These are used to evaluate the research quality. Reliability and validity are two important concepts in statistics. In simple terms, if your research is associated with high levels of reliability, then other researchers need to be able to generate the same results, using the same. Reliability refers to the extent to which the same answers can be obtained using the same instruments more than one time. Issues of research reliability and validity need to be addressed in methodology chapter in a concise manner.
These two concepts are very closely related, although their meanings are different. Internal consistency is analogous to content validity and is defined as a measure of how the actual content of an assessment works together to evaluate understanding of a concept.They allow us to gain firm and accurate results, as well as helping us to generalize our findings to a wider population and, in turn, apply research results to the world to improve aspects Differences between reliability and validity When designing an experiment, both reliability and validity are important.In a research design, especially in a quantitative research, reliability and validity are highly important. While reliability deals with consistency of the measure, validity deals with accuracy of the measure.The reliability of an assessment refers to the consistency of results.
Internal reliability refers to how consistent the measure is within itself. This can be split into internal and external reliability. This can be split into internal and external.What is the difference between reliability and validity Reliability refers to how consistent the results of a study are or the consistent results of a measuring test. ReliabilityReliability refers to how consistent the results of a study are or the consistent results of a measuring test. In a research, a measurement can be reliable but not necessarily be valid, however, if a measurement is valid, then it is considered to be reliable.
For example, if a thermometer displays same temperature of a same liquid sample under identical conditions, then the results can be considered as reliable. If by using the same technique or methods, same outcome is consistently achieved under similar circumstances, then the measurement is said to be reliable. Reliability of a technique, method, tool or research instrument implies how consistent it measures something.
On the other hand, external reliability of a test implies how well the test can be generalized beyond what it is meant for.The other types include test-retest and interrater. Internal reliability of a test measures how well the test actually measures what it is supposed to measure. Types of reliabilityReliability is categorised as internal and external reliability. The Kuder-Richardson 20 measures the internal reliability for binary tests and Cronbach’s alpha measures the internal reliability for the tests having multiple answers. Reliability estimates the consistency of your measurement, or more simply.Different statistical tools are used to measure reliability, such as, the Kuder-Richardson 20 and Cronbach’s alpha.
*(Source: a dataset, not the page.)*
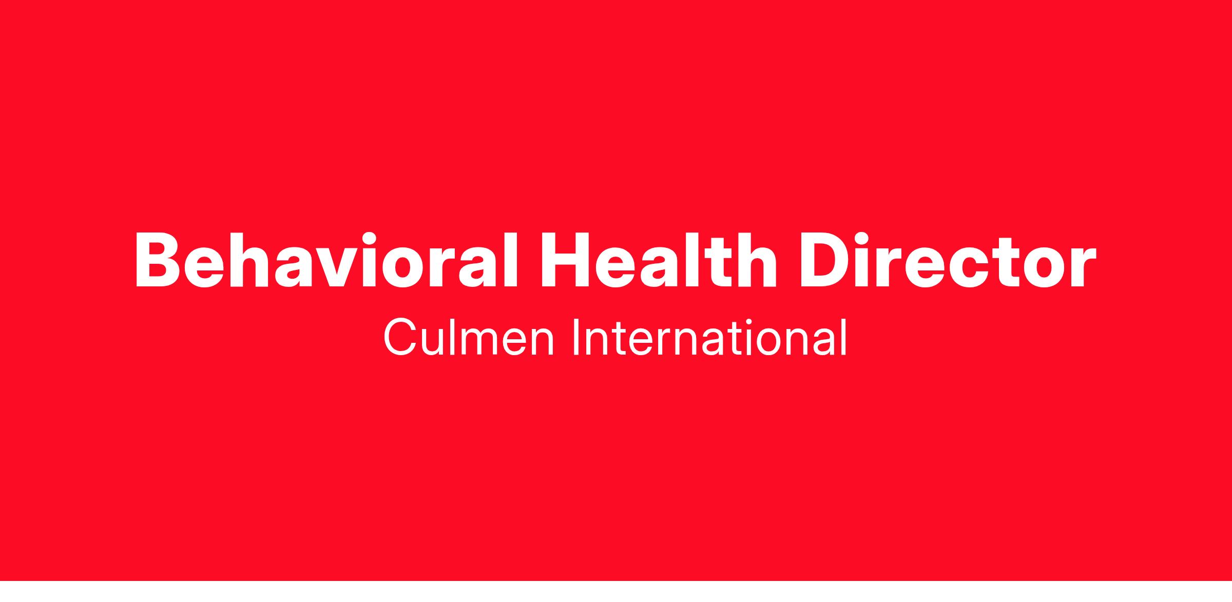 Culmen International is seeking a Behavioral Health Director for an upcoming Health and Human Services opportunity.

Simple correlation between two scores obtained from same individual is also a reliability coefficient. Cronbach’s alpha is the most common measure of internal reliability. The proportion of variance in the observed scores which is attributable to the actual scores is shown in the reliability coefficient. Reliability coefficientsA reliability coefficient presents the measure of how well a test or a research instrument measures the achievement.
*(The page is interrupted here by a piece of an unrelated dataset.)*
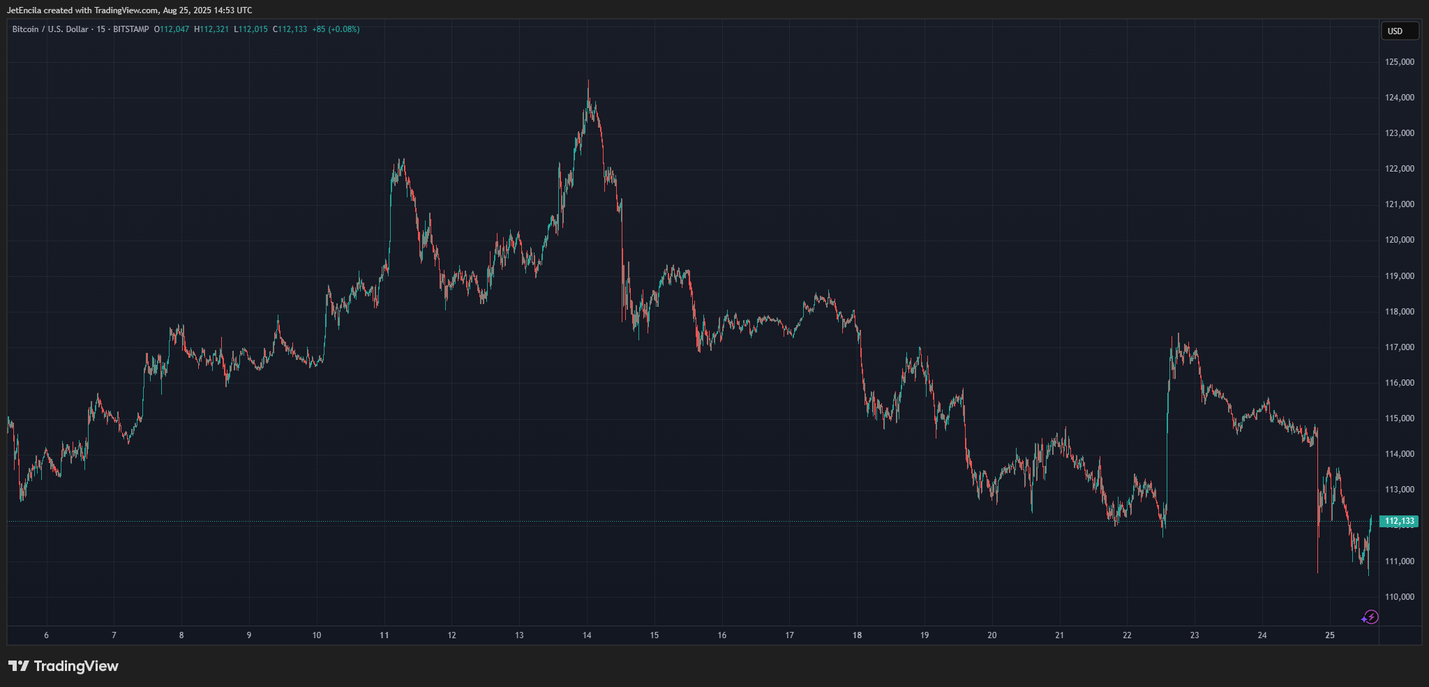 BTCUSD trading at $121,858 on the 24-hour chart: TradingView

A score higher than 0.7 is taken to be good, and a score less than 0.7 is not a good score for reliability. In maximum cases, the score of 0.7 is considered as acceptable. Cohen’s Kappa is used for measuring interrater reliability.The range of the reliability coefficient lies between 0 and 1. Spearman Brown formula is used for measuring reliability for split-half tests Pearson correlation is the measure for estimating theoretical reliability coefficient between parallel tests. If different types of tests are conducted on the same day, that can give parallel forms reliability.
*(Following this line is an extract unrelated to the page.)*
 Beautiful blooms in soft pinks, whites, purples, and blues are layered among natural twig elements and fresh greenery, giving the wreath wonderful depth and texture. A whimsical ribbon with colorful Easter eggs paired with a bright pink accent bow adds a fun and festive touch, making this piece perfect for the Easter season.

For example, if in an examination for measuring the proficiency of the students on French language, only reading, writing and speaking are measured and listening is not measured, then the test is considered to be having low content validity as listening is also a part of language proficiency. Content validity:This validity examines the extent to which the tool, method or measurement covers all the aspects of the concept being measured. If there is high and strong correlation between the scores of self-esteem and other traits, then that would imply a high construct validity. For example, a survey questionnaire on assessing self-esteem of the participants can be examined by measuring other known traits or assumed to be associated with the concept of self-esteem, like, optimism and social skills. Construct validity: In this type of validity, the adherence of a measure to some existing knowledge and theory of the research concept is measured.
The validity of a causal relationship, that is, cause and effect relationship, the internal and external validity are measured.Thus, it is evident that these two concepts are highly important for a research paper study to assess whether the outcomes are consistent and whether the measurement instrument is precise to what it is meant to measure. If the survey results are accurate in predicting the actual outcome of the election in that town, then it is considered that the survey has a high level of criterion validity. For example, a survey is being conducted by a news agency for assessing the political opinion of the voters in a town.